Ceci est l’histoire de Maze, le jeu vidéo qui peut probablement se targuer d’avoir plus de « premières » que n’importe quel autre jeu : le premier FPS, le premier jeu multijoueur en réseau, le premier jeu avec, à la fois, un mode en vue subjective et en vue objective (à la troisième personne), le premier jeu avec des outils de modding (NdT : pour modifier le jeu et/ou créer du contenu) et plus encore.
Le Ames Research Center de la NASA
Greg Thompson a toujours été plus intéressé par l’électronique que par la médecine vers laquelle son père, anesthésiste, tentait de le pousser. Mais il a eu le parfait mentor, John McCollum, qui était professeur d’électronique au lycée Homestead et dont Thompson pense qu’il est le héros de l’ombre de la Silicon Valley. L’exemple le plus probant est que les co-fondateurs d’Apple, Steve Wozniak et Steve Jobs (qui était une classe au-dessus de Thompson), ont appris les connaissances nécessaires pour fabriquer l’ordinateur Apple I de McCollum (NdR : Jobs n’avait toutefois pas ces connaissances selon Wozniak qui a créé la machine seul).
À l’été 1972, McCollum a réussi à faire inscrire Thomson à un programme de « travail-étude » de la NASA de niveau universitaire au Centre de Recherches Ames. Là, Thompson rencontra deux autres lycéens de la baie de San Francisco, Steve Colley et Howard Palmer. Ils travaillaient au laboratoire d’images de synthèse au Centre Ames de la NASA qui conduisait des recherches sur la modélisation de la dynamique des fluides pour aider à la conception des futurs engins spatiaux.
Le laboratoire possédait plusieurs IMLAC. Ces mini-ordinateurs programmables avec affichage graphique étaient en quelque sorte les ordinateurs personnels haut de gamme de l’époque, avec assez de mémoire pour gérer un utilisateur faisant tourner ce qui était alors considéré comme un programme de taille raisonnable. Colley, Palmer, Thompson et le reste du groupe avaient pour tâche d’explorer les capacités de ces systèmes : expérimenter et repousser leurs limites. Étant des adolescents, cela les a, bien sûr, menés à faire des jeux. Ils commencèrent avec des jeux en 2D comme Pong et autres clones des premiers jeux d’arcade tels que Drop Zone, auquel ils s’adonnaient régulièrement à la sandwicherie Togo du coin dans l’espoir de réussir un score suffisamment élevé pour gagner un sandwich gratuit.

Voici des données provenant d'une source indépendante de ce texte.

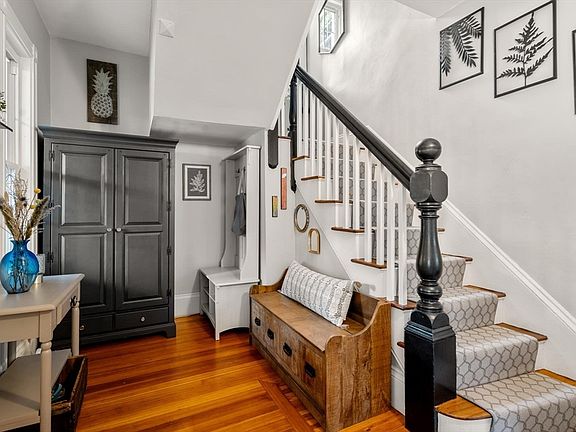 Fabulous Victorian-era residence, set on a side street in the sought-after Oakdale neighborhood, seamlessly blends historic charm with modern amenities. The interior is highlighted by original architectural details, high ceilings, oversized windows, and hardwood floors. The dining room features a built-in china cabinet, and the foyer and staircase landing add to the home’s character. The updated kitchen and bathrooms, along with a spacious closet in the primary bedroom, enhance functionality. A versatile third floor offers potential as a fourth bedroom, office, or playroom. The exterior is equally impressive, with newer siding, private backyard with garden, new shed, and access to the front deck and patio. A stunning front farmer’s porch invites you in. The location provides easy access to major highways (Rte. 95, 128, and 1), Boston, bus routes, commuter rail stations, Oakdale Square, Legacy Place, and Dedham Plaza. This lovely home awaits its next owners.
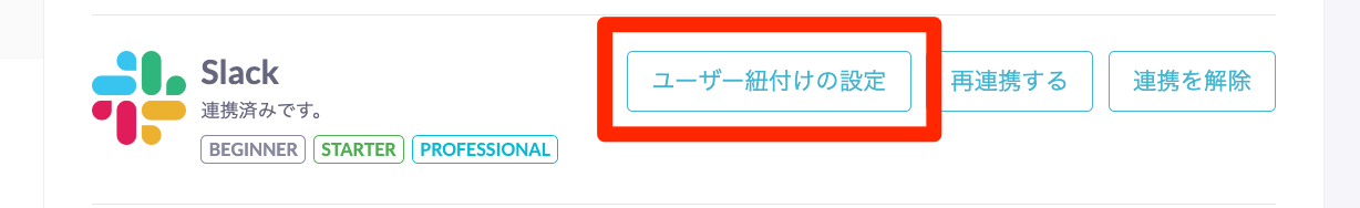 - Slackの「ユーザー紐付けの設定」をクリックする

En 1973, Colley comprit comment faire tourner un cube en 3D fil de fer sans que les arêtes à l’arrière ne soient visibles. Jusque-là, Colley et Palmer, membres les plus âgés du groupe, avaient évité de coder des jeux. Ils se concentraient sur des logiciels sérieux et « utiles ». Mais un jour qu’ils réfléchissaient à faire quelque chose d’amusant, ils pensèrent à la création d’un jeu de labyrinthe multijoueur et en réseau. Palmer pensa que ce serait cool de le faire en 3D mais Colley doutait de la faisabilité, jusqu’à ce que Palmer remarqua que ça pourrait fonctionner si le labyrinthe n’avait que des angles droits. Colley, tout excité, revint le lendemain avec une implémentation de cette idée, que Thompson qualifie judicieusement de tas de cubes posés les uns à côté des autres. Les cubes visibles formaient les murs tandis que les autres faisaient office de couloirs. À partir de là, Thompson continue : « En gros, vous aviez un labyrinthe. Vous pouviez voir des couloirs dans lesquels vous pouviez avancer. »

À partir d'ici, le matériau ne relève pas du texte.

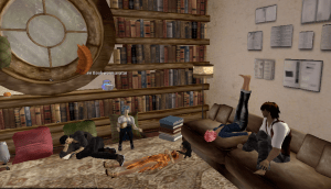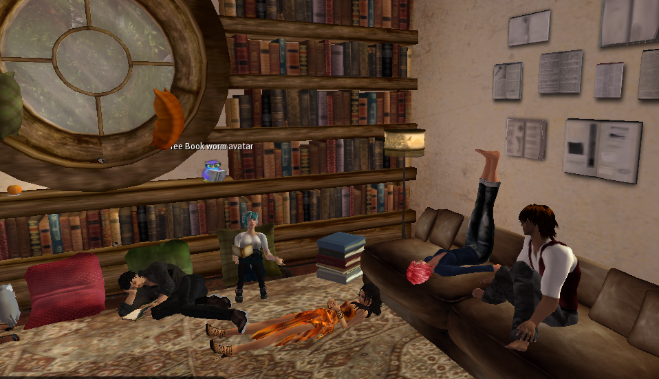 Members gather in a virtual reading room to sit and relax while discussing the book, in text chat (voice optional). The avatar poses at the Albatross are particularly fun, being somewhat fidgety I change positions throughout the hour. It’s fun to move about and get your avatar comfortable. Discussion are silly to academic; result is that we all read and have an opportunity to share our reflections.
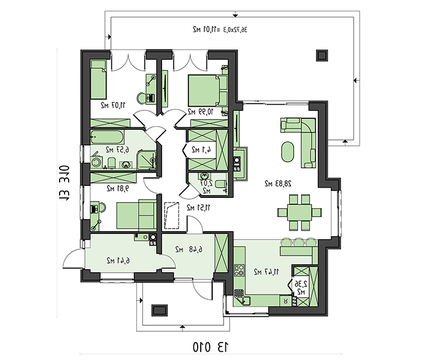 Трьох спальних апартаментів досить для комфортного відпочинку всіх членів середньостатистичної сім'ї. Розміри кімнат розраховані на розміщення компактного меблевого гарнітура. Їх відокремлене від вітальні розташування допомагає мешканцям повноцінно відпочивати і насолоджуватися тишею. Простора віранда дає можливість багато часу проводити на свіжому повітрі серед розкішних троянд і бузку, нескінченно довго слухати солов'їні трелі.
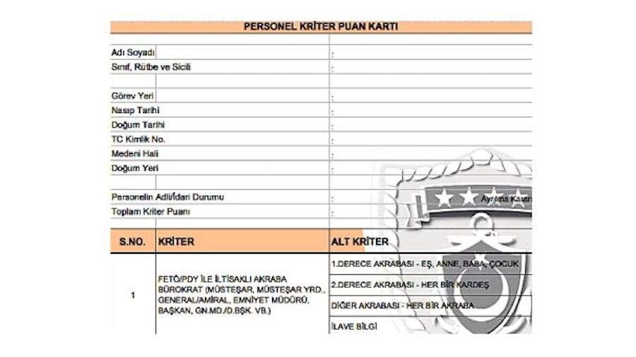 Οι εκκαθαριστικές επιχειρήσεις στις τουρκικές Ένοπλες Δυνάμεις, συνεχίζονται με διώξεις στελεχών που ακόμη και χωρίς στοιχεία θεωρούνται γκιουλενιστές.Στο ναυτικό μάλιστα η ηγεσία έχει αναπτύξει…λογισμικό μέσω του οποίου κάθε στέλεχος κρίνεται για το πόσο γκιουλενιστής είναι! Πρόκειται για το λεγόμενο… FETOμετρο, όπως αναφέρει σε δημοσίευμα της η εφημερίδα, «Milliyet».Όπως αναφέρει ο Αρχηγός του Επιτελείου, έδωσε εντολή για τη δημιουργία του Feto-μετρου. Τα στοιχεία κάθε αξιωματικού μπαίνουν στο πρόγραμμα και αυτό «μετρά» πόσο ύποπτος για σχέσεις με το κίνημα του Φετουλάχ Γκιουλέν είναι ο καθένας.Σύμφωνα πάντα με το ρεπορτάζ 4.500 στελέχη έχουν απομακρυνθεί με βάση τα αποτελέσματα αυτού του προγράμματος.Το πρόγραμμα του ναυτικού τροφοδοτείται με στοιχεία από 16 υπουργεία και 25 δημόσιους οργανισμούςΠηγή ρεπορτάζ: Militaire.grΔείτε τη φωτογραφία:
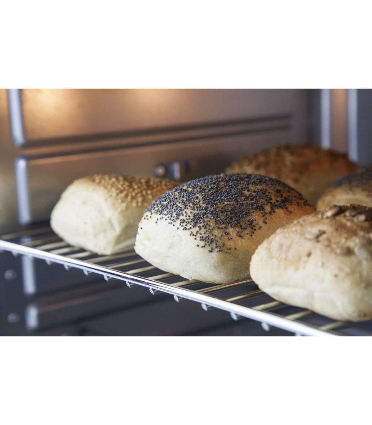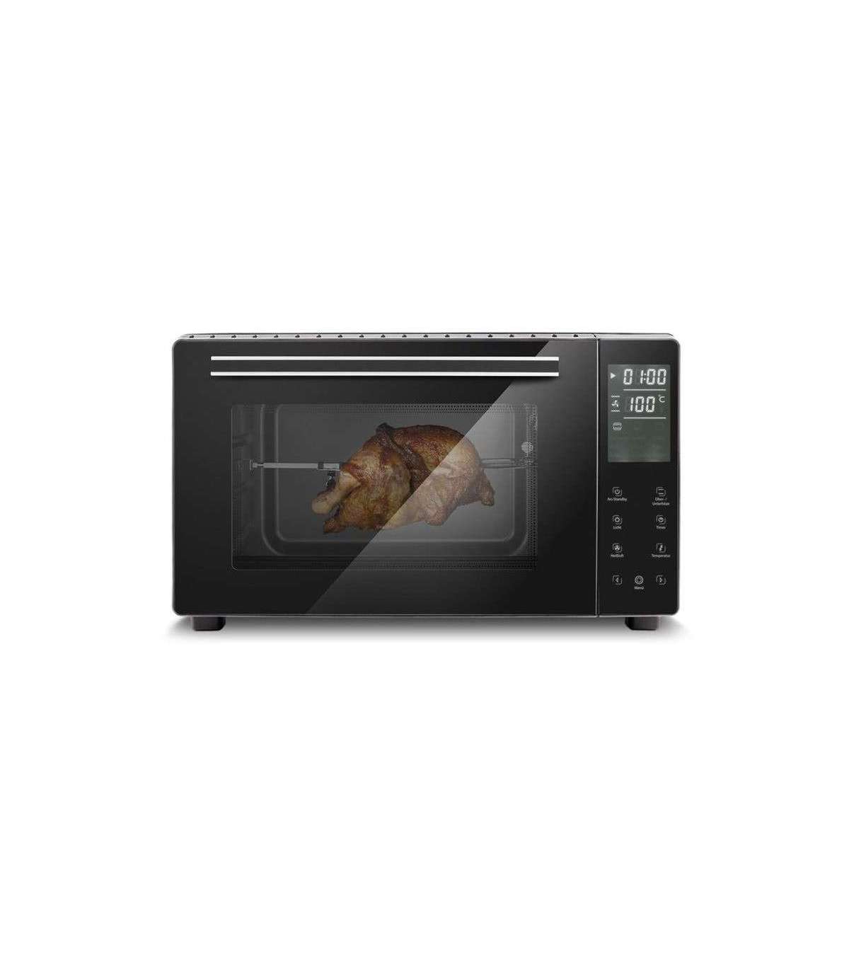 - 5 functions: Convection, rotisserie with motor, upper heat, lower heat, upper and lower heat

Le labyrinthe était petit avec une taille de 16 carrés par 32. Thompson déclara que ses graphismes donnaient vraiment une sensation d’espace et qu’ils aimaient, tous les trois, vagabonder dans les couloirs à la recherche de la sortie. Mais Colley nota, dans une rétrospective du DigiBarn Computer Museum que ça devint assez vite lassant. Il était possible de trouver la sortie du labyrinthe, mais c’était tout. Puis, l’un d’entre eux eut une idée : et s’il y avait quelque chose d’autre dans le labyrinthe ? Colley ajouta donc quelques lignes de code et relia deux IMLAC entre eux directement avec un câble série. « Il semblait tout simplement naturel que deux machines puissent communiquer entre elles » dit Thompson quand on lui demande comment ils en sont venus à cette idée.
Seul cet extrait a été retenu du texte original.